Darkwing Duck, Season One, Episode Forty-Three: "Dances with Bigfoot"

…so it can't REALLY be the case that this episode features the line "that's the snack god!  As in, the favorite meal of the Clinton god!" can it?  If nothing else, surely this was a year or so early for a Clinton joke to have much currency?  Hmm.

Well, it seems Gosalyn wants to be a superhero too, and she has this rather chic red and black "Crimson Quackette" ensemble she's put together.  Drake is less than supportive of this notion, but then the next day, OMG, he disappears, and it's up to her and Honker to find him.  I like the first part which is just the two of them together; they have a good give-and-take, and frankly, I'm finding lately that DW himself often kinda gets on my nerves--a little of that incomptence/massive egoism goes a LONG way.  This first part also features my favorite line: "Bored with your dumb job?  You can become a zeppelin operator today!"  

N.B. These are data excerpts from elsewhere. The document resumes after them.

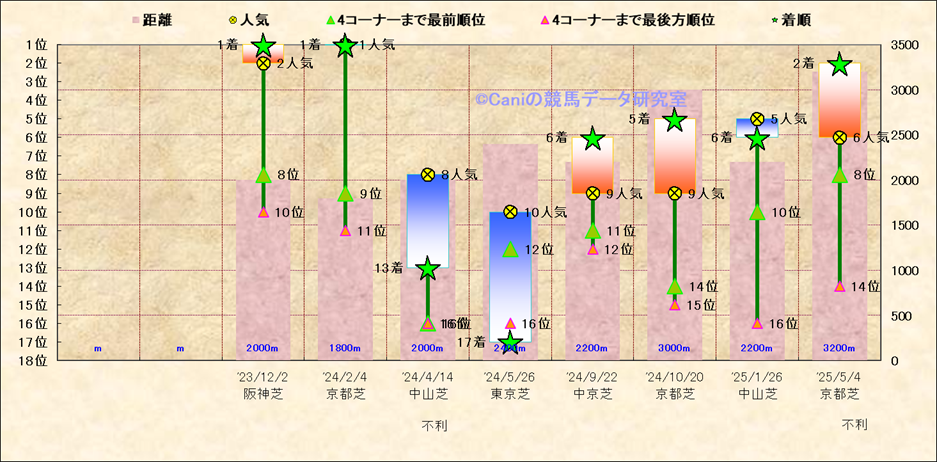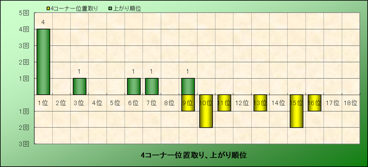 脚質解析 近20レースの4コーナーでの位置取りと上がり順位(頭数補正後) |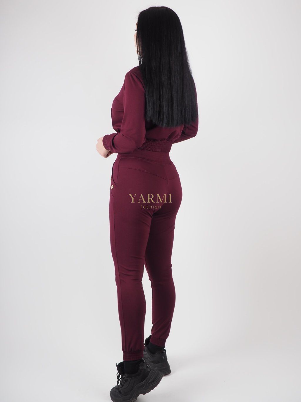 Elegantný dámsky komplet Milano v bordovej farbe s bundou a nohavicami. Luxusný a sebavedomý outfit do mesta aj na večer.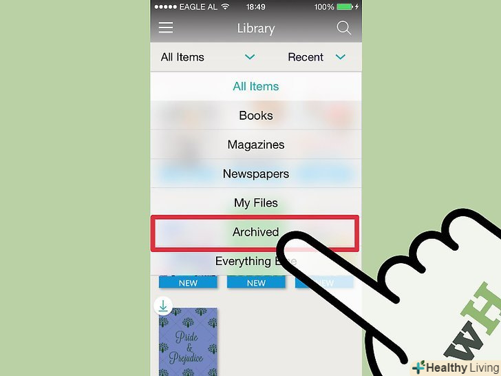 Зайдіть в розділ "Archived"("архів").після входу в бібліотеку клікніть клавішу "My Shelves"("мої полиці"). На дисплеї відобразиться список ваших "полиць", тобто різні розділи вашої бібліотеки. Прокрутіть список, знайшовши полку "Archived"("архів"). Клацніть на ній.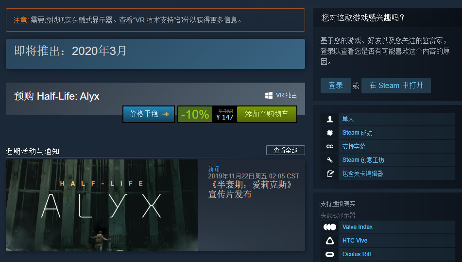 V社《半条命:Alyx》还未发售 目前已在9折促销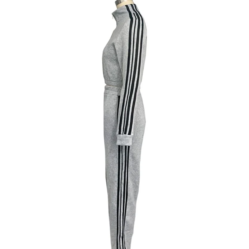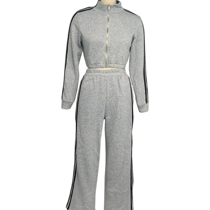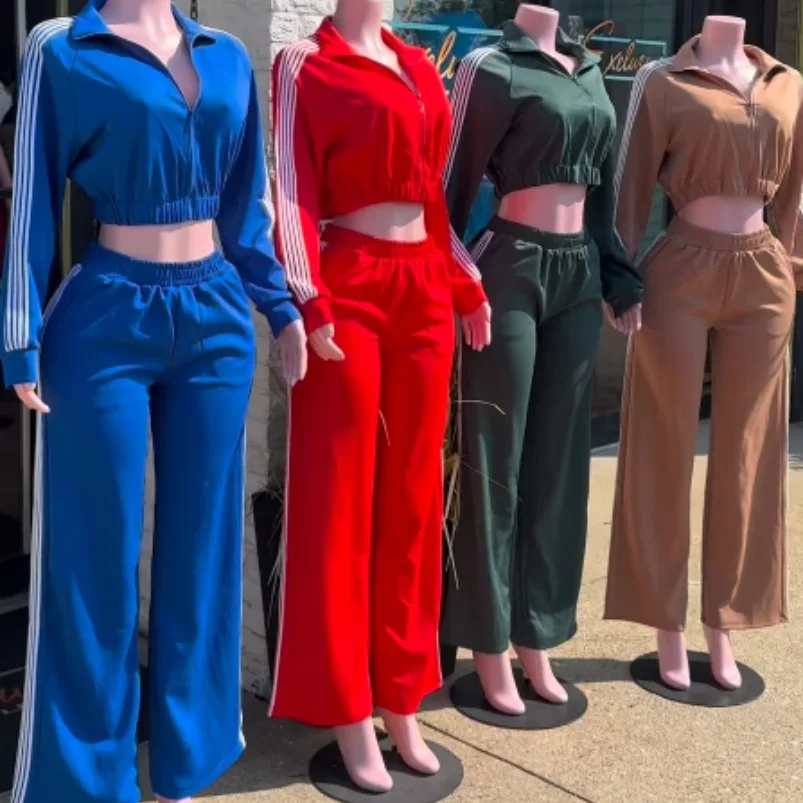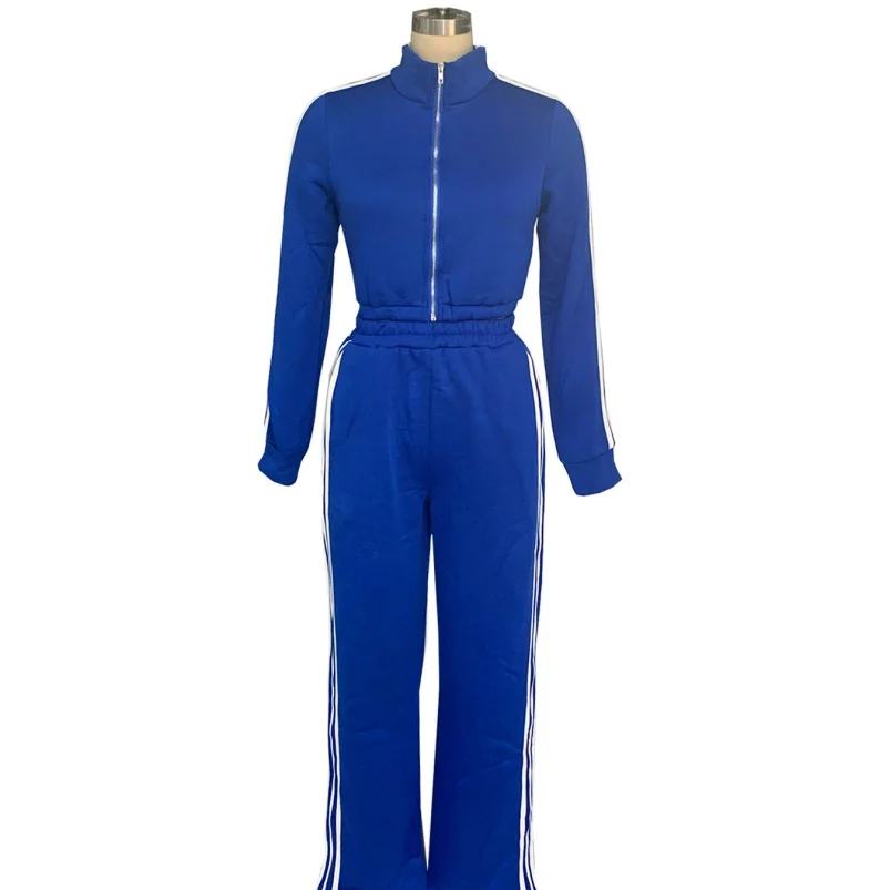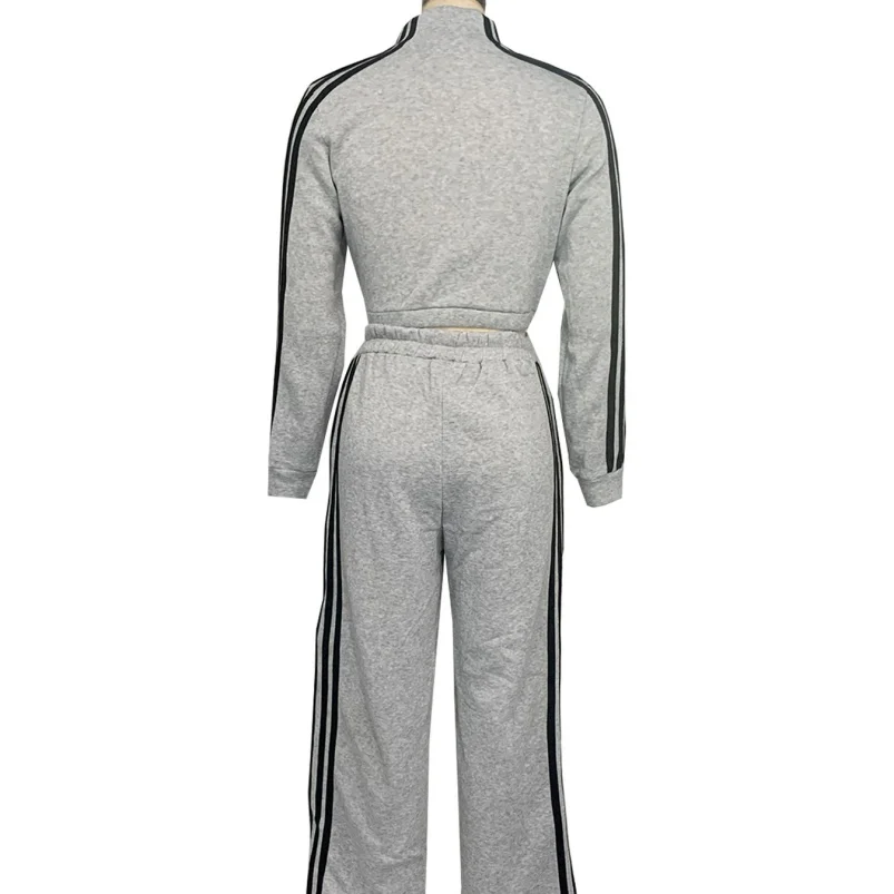 Viviblook Z1108ST04 Women Casual Long Sleeve Zip Crop Tops and Wide Leg Pants Matching Tracksuits Striped Print 2 Piece Sets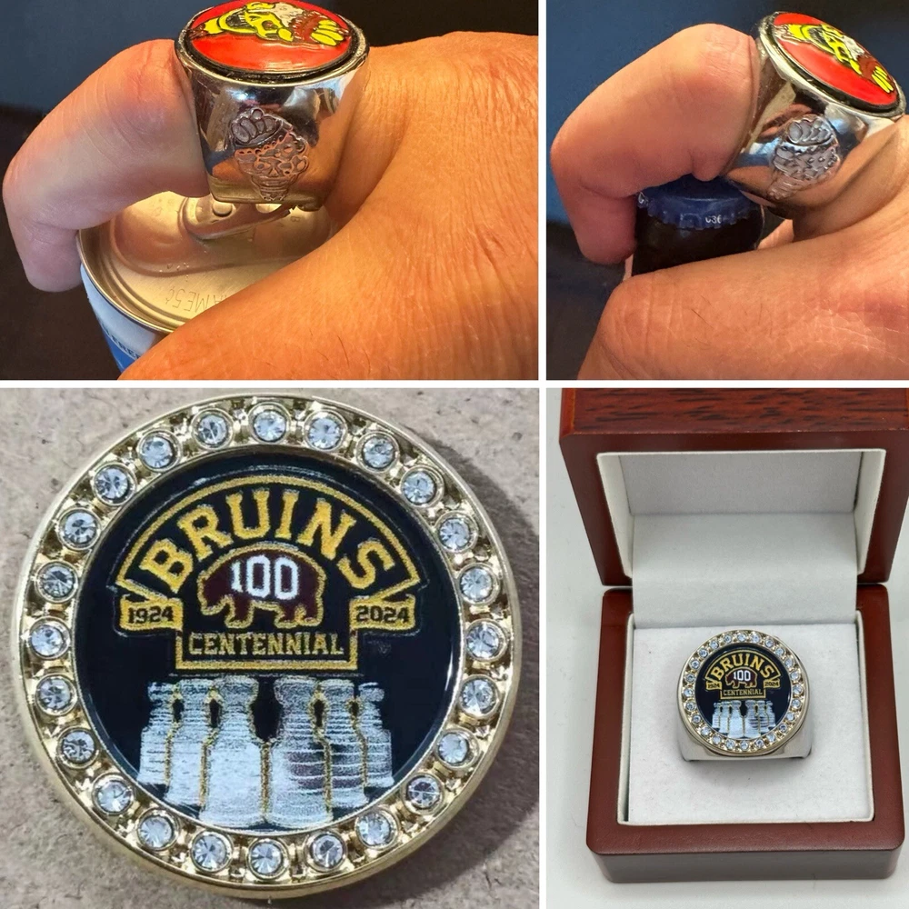 Celebrate a century of hockey glory with the Boston Bruins Centennial deCAPitator Ring bottle cap and can tab opener, a unique collectible for any die-hard fan. Crafted by Brassa Inc., this multi-colored replica championship ring is a nod to the iconic achievements of the franchise and the spirit of the National Hockey League's regular season. This unisex adult piece, sized at 6-15 with a ring sizer for a perfect fit, is not just a piece of memorabilia but a tribute to the 100 centennial year. Proudly manufactured in the United States, it holds a special place in any collection, capturing the essence of the game and the legacy of one of hockey's greatest teams. The only branded ring in the world that opens both bottles and cans.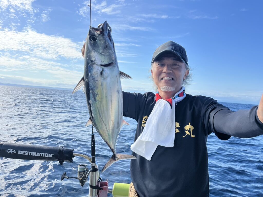 本日の釣果は、真鯛、ハナダイ、ホウボウ、カナガシラ、本ガツオ、ギガアジ、ワラサ、カンパチ、マサバ、ゴマサバ、ウッカリカサゴ‥‥11目。

Be that as it may, they eventually, inevitably find him.  It turns out he's been captured by…savage natives who are going to sacrifice him to a volcano god, and it never ceases to baffle me that cartoons--in the nineties, fercryinoutloud--were able to get away with the kind of thing that would get old comics banned for all eternity (or at least until Fantagraphics' magic diplomacy made itself felt).  Not that I'm exactly viscerally offended by it, but it's certainly tasteless and not very clever, though admittedly there are a few amusing moments, as when Honker tries to frighten them away by shining a flashlight under his face only to have them retaliate by blasting him with klieg lights, or when our heroes are going to fly away only to have them pile into a passenger plane that they just happen to have lying around.  On the whole, though, I found the first part of this much more engaging than the second.  I kind of wish the writers were a bit more willing more often to concentrate on the secondary characters like that.